The mode and procedure of finalization of the scheme and acquisition of land for such purpose is through notifications that are pari-materia to an extent as provided for under Sections 4 and 6 of the 1894 Act. A scheme is framed under Section 351 of the 1959 Act followed by its approval by a Development Committee under Section 356 thereof and constituted thereunder. A preliminary notice is issued under Section 357 inviting objections to the scheme. Then begins the publication of a notice proposing acquisition under Section 358 which is a procedure akin to Section 4 of the 1894 Act. The objections are to be thereafter be considered by the Development Committee that shall submit its recommendations about the scheme together with the objections to the Corporation under Section 359. The Corporation shall either sanction or abandon the scheme or accept it with modifications upon a consideration of the objections. If the scheme has an estimated cost of above Rs.10 lakhs, the sanction of the State Government shall be essential as per Section 360 of the 1959 Act. The State can exercise powers accordingly under Section 361 thereof. The scheme can be altered after sanction under Section 364.

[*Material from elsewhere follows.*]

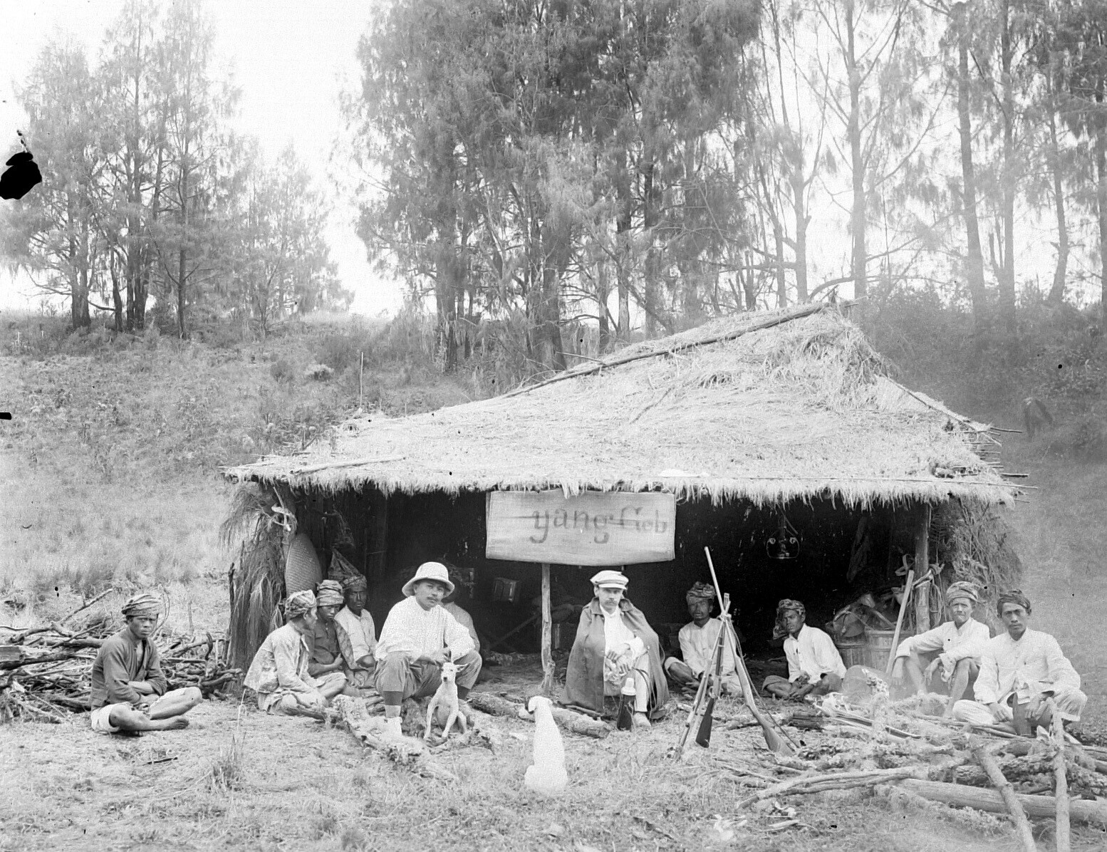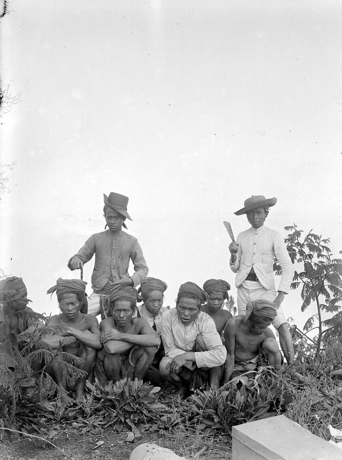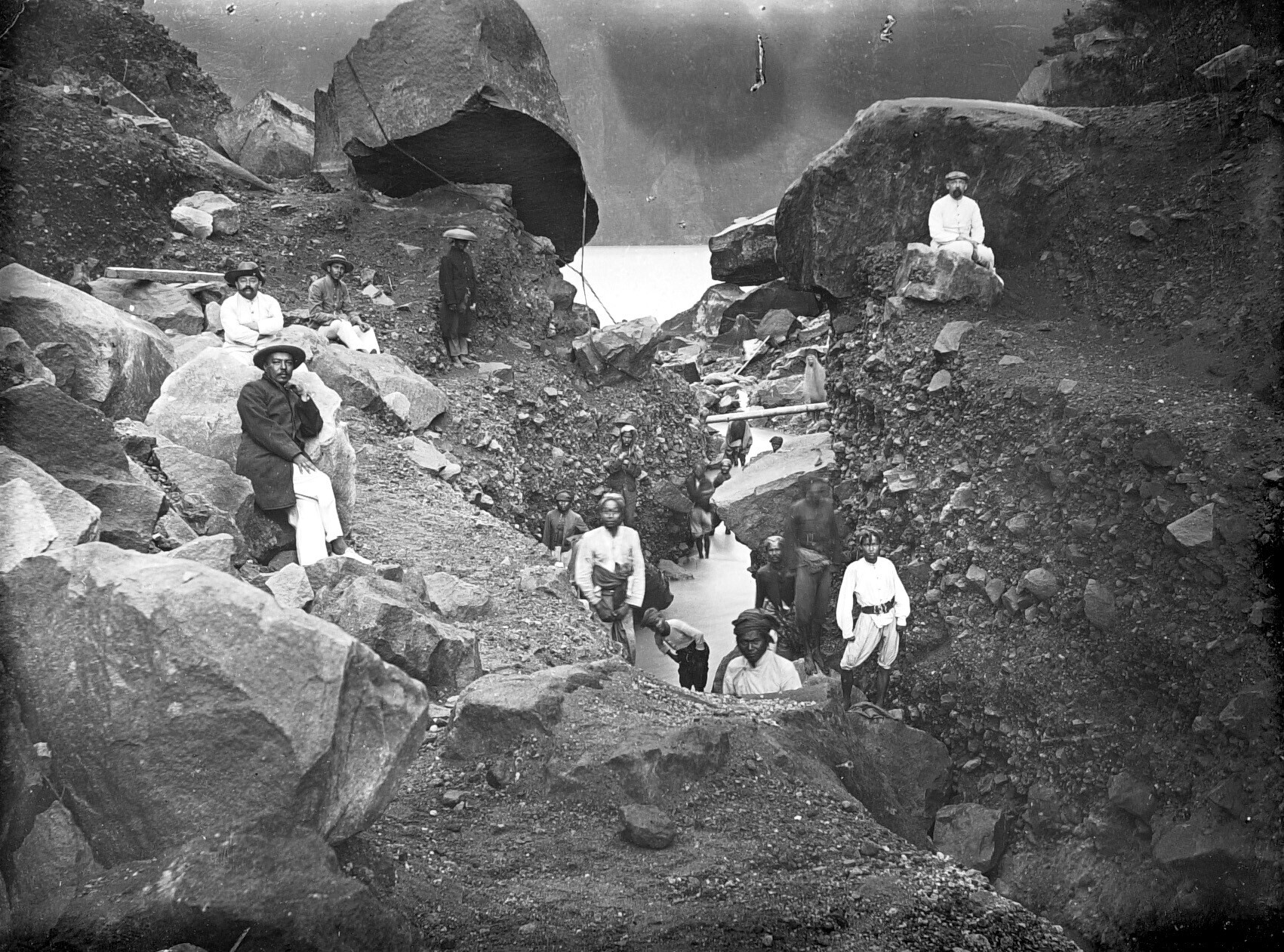 Portret van Europeanen en Javanen tussen rotsblokken...

The sanction is to be notified in the Gazette as per Section 363 which is an exercise akin to section 6 of the 1894 Act.
The acquisition thereafter takes place as per Section 365. All disputes relating to a claim of acquisition are to be adjudicated by a Tribunal constituted and functional as per Sections 371 to 380 of the 1959 Act with a provision of appeal to the High Court under Section 381 of the Act.

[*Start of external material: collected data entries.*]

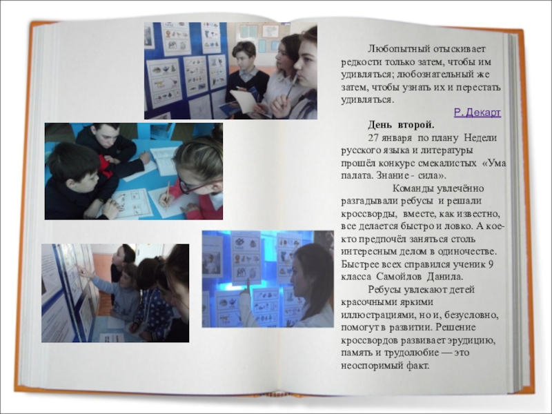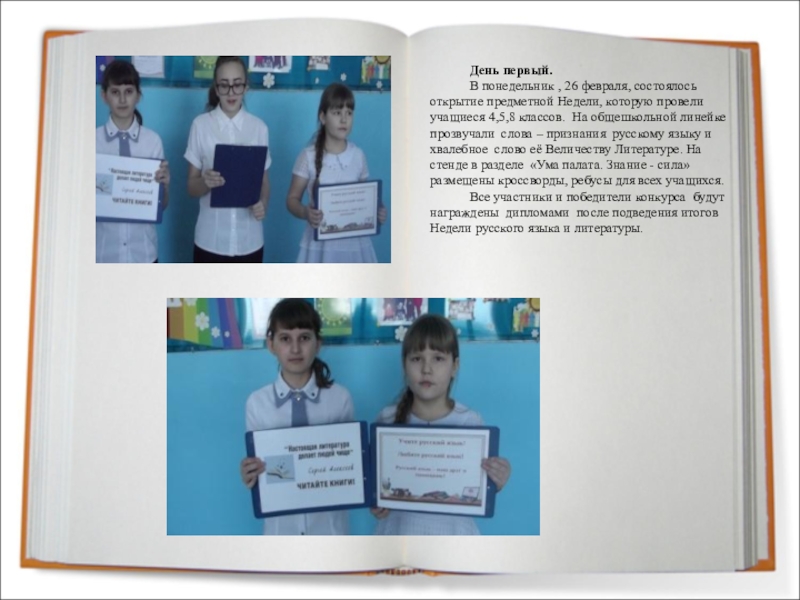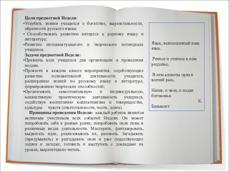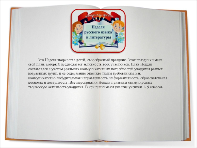 Принципы проведения Недели: каждый ребенок является активным участником всех событий Недели. Он может попробовать себя в разных ролях, попробовать свои силы в различных видах деятельности. Мастерить, фантазировать, выдвигать идеи, реализовывать их, рисовать. Загадывать (придумывать) и разгадывать свои и уже существующие задачи и загадки, готовить и выступать с докладами на уроках, выразительно читать.
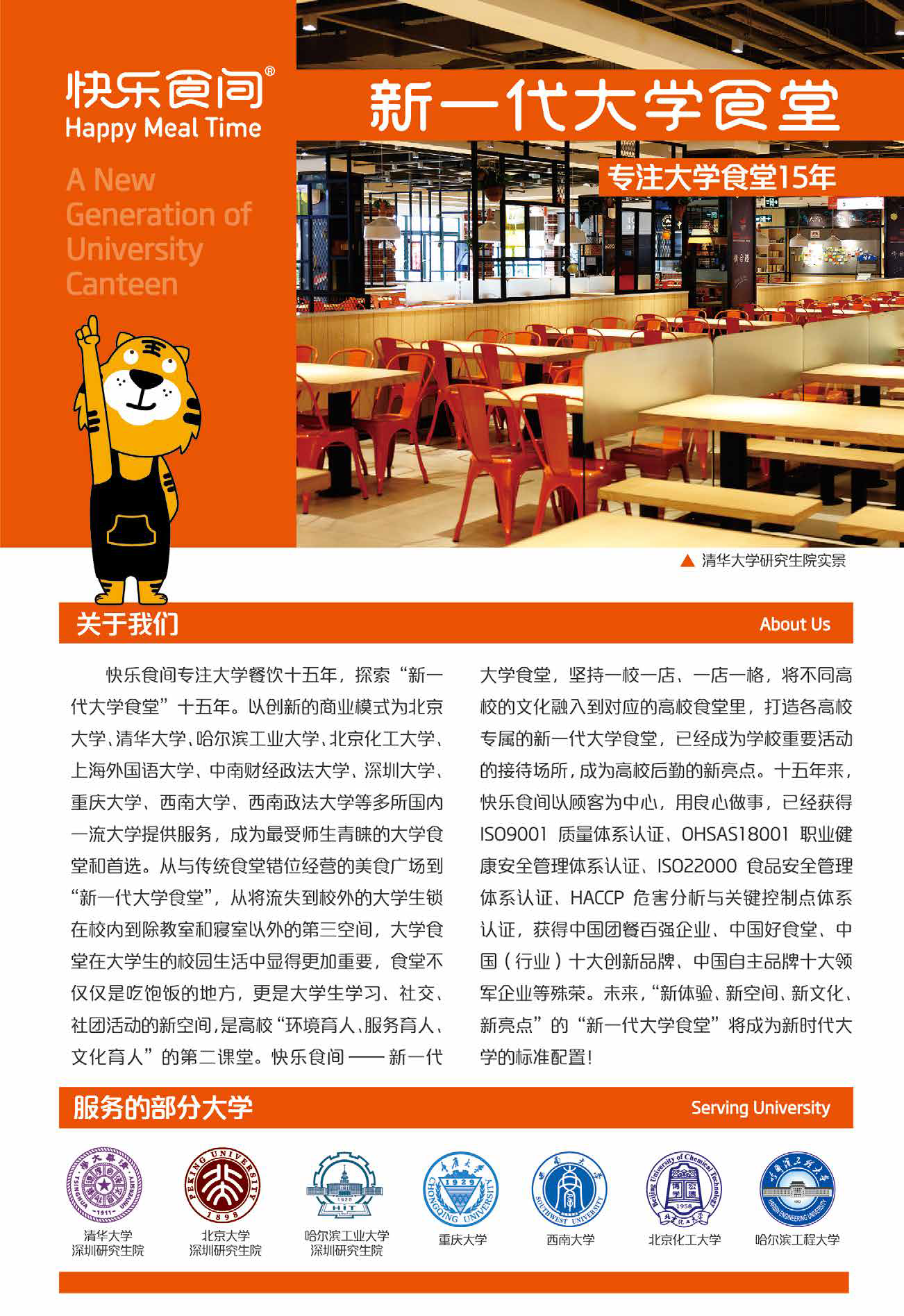 快樂(lè)食間專注大學(xué)餐飲十五年,探索“新一代大學(xué)食堂”十五年。以創(chuàng)新的商業(yè)模式為北京大學(xué)、清華大學(xué)、哈爾濱工業(yè)大學(xué)、北京化工大學(xué)、上海外國(guó)語(yǔ)大學(xué)、中南財(cái)經(jīng)政法大學(xué)、深圳大學(xué)、重慶大學(xué)、西南大學(xué)、西南政法大學(xué)等30 余所國(guó)內(nèi)一流大學(xué)提供服務(wù),每天服務(wù)30 萬(wàn)人次,成為最受師生青睞的大學(xué)食堂和首選。從與傳統(tǒng)食堂錯(cuò)位經(jīng)營(yíng)的美食廣場(chǎng)到“新一代大學(xué)食堂”,從將流失到校外的大學(xué)生鎖在校內(nèi)到除教室和寢室以外的第三空間,大學(xué)食堂在大學(xué)生的校園生活中顯得更加重要,食堂不僅僅是吃飽飯的地方,更是大學(xué)生學(xué)習(xí)、社交、社團(tuán)活動(dòng)的新空間,是高校“環(huán)境育人、服務(wù)育人、文化育人”的第二課堂??鞓?lè)食間- 新一代大學(xué)食堂,堅(jiān)持一校一店、一店一格,將不同高校的文化融入到對(duì)應(yīng)的高校食堂里,打造各高校專屬的新一代大學(xué)食堂,已經(jīng)成為學(xué)校重要活動(dòng)的接待場(chǎng)所,成為高校后勤的新亮點(diǎn)。
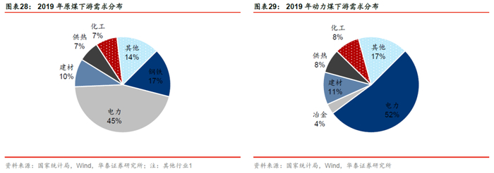 动力煤下游中,2019年电力需求占比达到52%,化工、建材等其次,炼焦煤下游主要为钢铁冶炼所需的焦炭。

The entire scheme of the 1959 Act under Chapter XIV is therefore a complete code pertaining to acquisition that was permissible under the Act when the acquisition in the present case took place in the year 1962-1963. As noted above there is no provision unlike Section 17 of the 1973 Act where the State Government could have exercised any such powers. The entire proceedings under the 1959 Act had therefore concluded with the acquisition of the land that does not appear to have been challenged. Section 17 of the 1973 Act for all the aforesaid reasons can not grant a new lease of life to a already concluded claim and therefore the prayer made by the petitioners can not be granted.
The petitioners contend that they have not been paid compensation. From the application stated to have been moved by the petitioners dated 20.09.2002, Annexure-4 to the writ petition, it appears that the petitioners themselves have stated that they have not lifted the compensation. Thus this is not a case where the compensation is alleged to have not been deposited before the Competent Authority and rather it is a case where the petitioners themselves alleged to have not lifted the compensation.
Apart from this the notifications are of the year 1962-1963 under the 1959 Act. To file a writ petition after 42 years also raises the issue of laches. The explanation given is that till 1985 since their names was recorded, the petitioners started making a request thereafter when their names were expunged keeping in view Section 17 of the 1973 Act. From the annexures filed in the writ petition it appears that the applications were moved in the year 2002 almost seven years after their names were expunged. There is no explanation of the delay and laches in this regard. Apart from this the entire colony having been developed and almost two generations having passed by after the acquisition, the petitioners have no where indicated as to why their predecessors who were the recorded tenure holders at the time of acquisition had not raised any such dispute either about acquisition or a challenge being raised against the notification or the award.
In the absence of any such material and the facts aforesaid we do not find this to be a case where a mandamus can be issued to the respondent State in terms of Section 17 of the 1973 Act. The writ petition lacks merit and is accordingly dismissed.